Philippine struggles in wake of killer typhoon

Slum dwellers in the Philippine capital rummaged through their flattened homes Thursday as villagers on remote farms battled floods, two days after a monster typhoon killed at least 35 people.

By (AFP)

Published: Thu 29 Sep 2011, 11:17 AM

Last updated: Tue 7 Apr 2015, 2:07 AM

Authorities warned the death toll from Typhoon Nesat would continue to climb, with 45 people still missing and more accidents likely as tens of thousands of people struggled with the storm’s aftermath.

“Rescuers are using rubber boats and canoes to help those in areas still flooded,” Office of Civil Defense chief Benito Ramos told AFP.

“Many are marooned on rooftops, mostly menfolk who refused to join preemptive evacuations so they could guard their homes.”

Ramos said many of the missing were fishermen who set sail ahead of the storm despite warnings to remain on land.

“We are just praying that we will find them still alive, but realistically speaking, the number of deaths may still rise,” he said.

The Philippines endures an average of 20 storms annually, many of them deadly, but Nesat was one of the worst for the year largely due to an enormous rain band that pummelled virtually all of the main island of Luzon.

Nesat was approaching southern China on Thursday, forcing Hong Kong authorities to order a lockdown in the Chinese territory with the closure of financial markets, schools and transport services.

Manila was similarly brought to a standstill on Tuesday as rain flooded large parts of the Philippine capital and storm surges smashed sea walls protecting the city’s historic bayside area.

Residents in slums along Manila Bay continued to pick through rubble in a struggle to rebuild on Thursday, and officials said it would take many days to clear fallen trees, billboards and other debris across the city.

In Luzon’s vast agricultural plains that stretch hundreds of kilometres (miles) to the north of Manila, farmers struggled to deal with the destruction of rice that was primed for harvest.

Television news broadcasts showed aerial footage of high water covering large areas of the northern provinces of Bulacan, Nueva Ecija and Pampanga, where many of the country’s large rice producing plains are located.

Many of those areas remained without power or cut off because highways and farms had been turned into virtual rivers.

Some people remained stranded in their homes, and rescue workers on boats went to retrieve them, although others preferred to stay to guard their properties.

“The flood waters are going down, but very, very slowly, because much of these areas are flat, agricultural land,” Ramos said.

Nearly 170,000 people were inside evacuation centres across Luzon, according to the government’s disaster relief agency.
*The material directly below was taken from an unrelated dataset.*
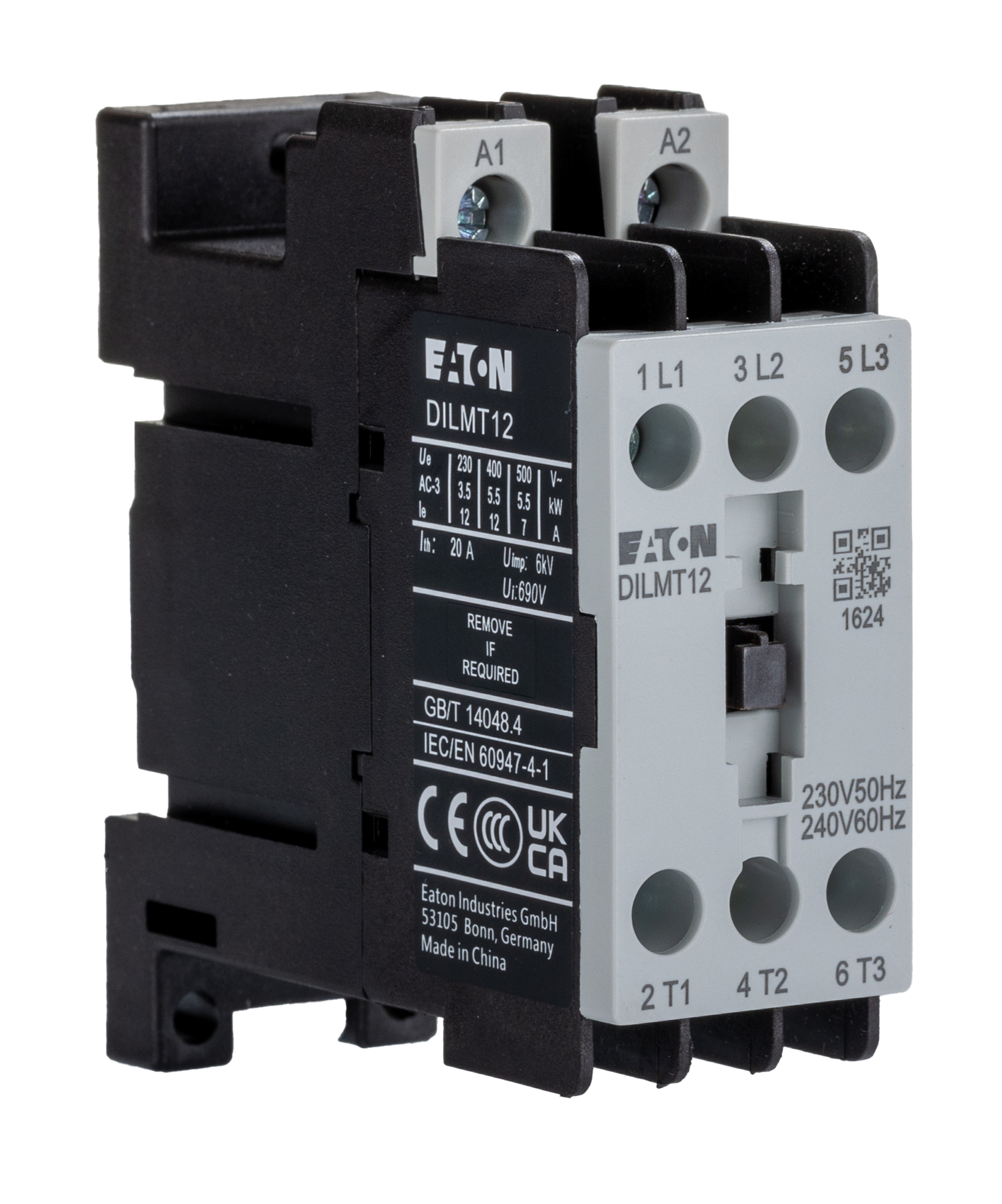 This is Contactor 240 V ac Coil 3-Pole 12 A 5.5 kW 3NO manufactured by Eaton. The manufacturer part number is 190996 DILMT12(230V50HZ/240V60HZ). Whereas, the minimum operating temperature of the product is -25°c. The rated contact current is 12 a. The product dilmt, is a highly preferred choice for users. It has 230/240 v ac control voltage . The coil voltage of the product is 230/240 v ac. Its accurate length is 77.5mm. It has 3p pole and throw configuration. Furthermore, the product is 27mm wide. The product comes in 77.5mm depth. It is composed of [Number of Auxiliary Contacts] auxiliary contacts. The normal state configuration includes 3no. Feature 5.5 kw of power rating. It has a maximum operating temperature of +55°c. It has equipped with 3 poles. The terminal is a screw type.
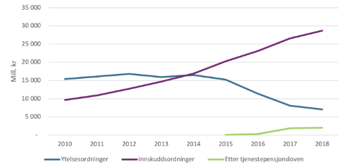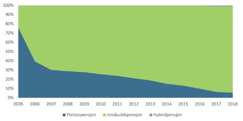 I figuren under vises omfanget av omdanning fra private ytelsesordninger til innskuddsordninger de siste årene.

Amid the clean-up operations, the government warned another typhoon would likely hit the country within days.

Science Undersecretary Graciano Yumul, who supervises the state weather bureau, said a new storm was 1,300 kilometres (800 miles) away in the Pacific Ocean and building towards typhoon strength as it approached the Philippines.

“By Sunday we will be experiencing (more) rains and bad weather,” Yumul told reporters.